Accurate, Tamara supposed, yet that sounded so totally unappealing, she  had to wonder if she really had any clue what she actually wanted.

She shifted so that a member of the catering staff could clear the table  behind them. They really should be mingling, not standing in the corner  talking about her sex life-or lack thereof. But Tamara was feeling  downright cranky and fussy as she started to realize that this  weekend-which was supposed to be a test-drive of her relationship with  Geoffrey and if they could take it to the next level-had her sucking  down wine for fortification. And she was stuck with him for another  twenty-four more hours. At least the next day Pete's parents were  dropping her kids at the track to watch the race, and they would serve  as a welcome distraction from Geoffrey's lectures on the negative effect  of corporate sponsorship on professional sports. However, that was  tomorrow, and tonight there was no denying she was dreading going back  to the hotel room with him.

Time to throw the caution flag if anticipating a night in a hotel with a  man and no kids to interrupt just made her want to turn tail and run.
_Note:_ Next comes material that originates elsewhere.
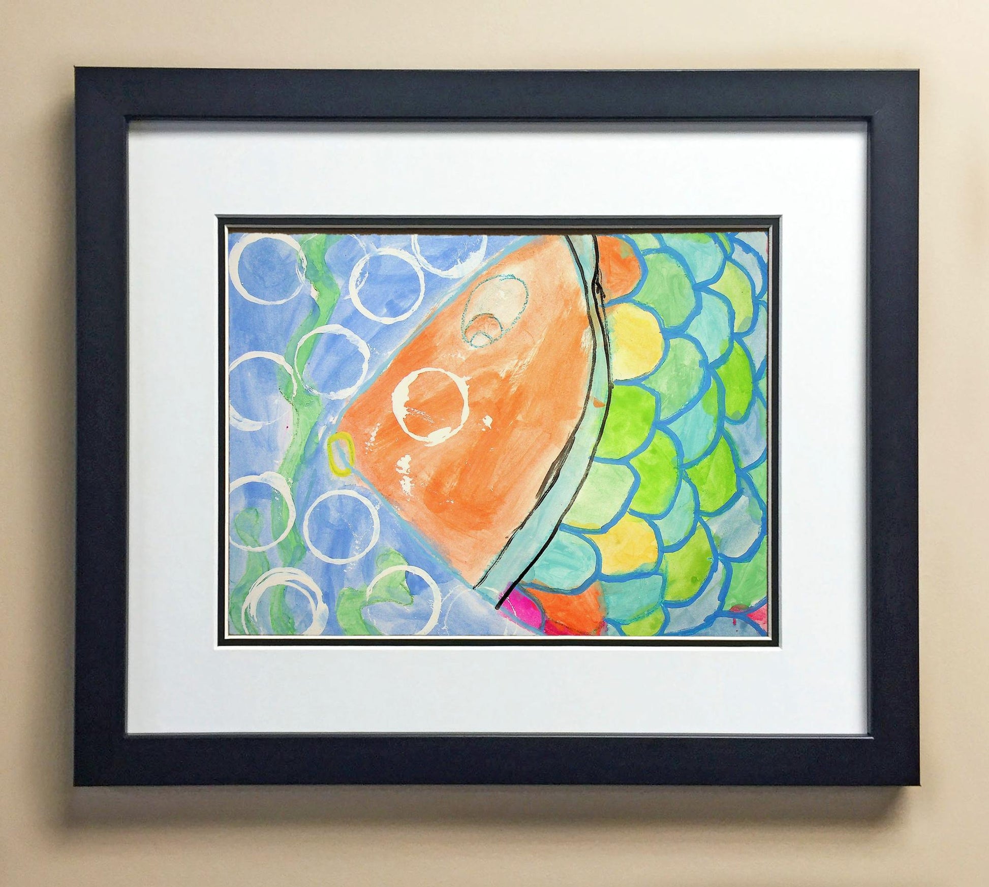 Included with the purchase is the Students Artwork, Frame, double matboard, shatter proof plexiglass, and a ready to hang backerboard with turnbuttons
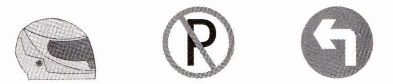 | D. Go straight. | E. Wear a helmet. | F. No parking! | G. Turn left. |

She was also thinking that if she needed her kids as a shield between  her and her boyfriend just to sit through a four-hour race, there was a  big old problem. It really didn't make any sense. Geoff was a nice guy  and she liked him. Truly and genuinely liked him as a human being. He  was solid and caring and safe. Exactly what she wanted this time around  the relationship track. He had been nothing but kind and tender to her,  and this was how she reacted? By wincing at the thought of sliding into  bed naked with him?

She needed to be kicked in the head.

Or maybe she just needed more wine.

But the truth was, you couldn't force chemistry between two people, and  she had been pretending that she could. Since she wrestled everything  else in her life into submission, she had figured this would work the  same way. Unfortunately, her libido wasn't listening and refused to  ignite.

"Manpanion in the goofiest word I've ever heard," Tamara said, turning  and exchanging her empty glass for a full one, not even able to bring  herself to feel guilty about it. She was starting to feel a little  desperate.

"It fits him. Goofy."

"Don't hold back. Tell me how you really feel about him." Bad enough  that she knew he was basically a nerd, did Suzanne have to point it out,  too?

That brought a contrite expression to Suzanne's face. Her friend, the  one who had stood there in the hospital with her and held her hand when  the doctors told her that Pete was dead, squeezed her hand now. "I'm  sorry, sweetie, I'm being rude, aren't I? I just want you to be happy,  and you really don't look happy. He's not your type at all. You're a  driver's wife, Tammy."

Tamara felt her chest tighten. "Was. I was a driver's wife. I said I  wouldn't go there again, Suz, you know that. I'd rather have boring than  live with that fear again. I don't want a life where racing consumes  every minute of every day anymore." She had loved the sport, still did,  but this time around she needed a man with a regular nine-to-five job,  who came home for dinner, and who cut the grass on the weekend. A man  who didn't drive around the track at one hundred and eighty-five miles  an hour every weekend, tempting fate. She meant that.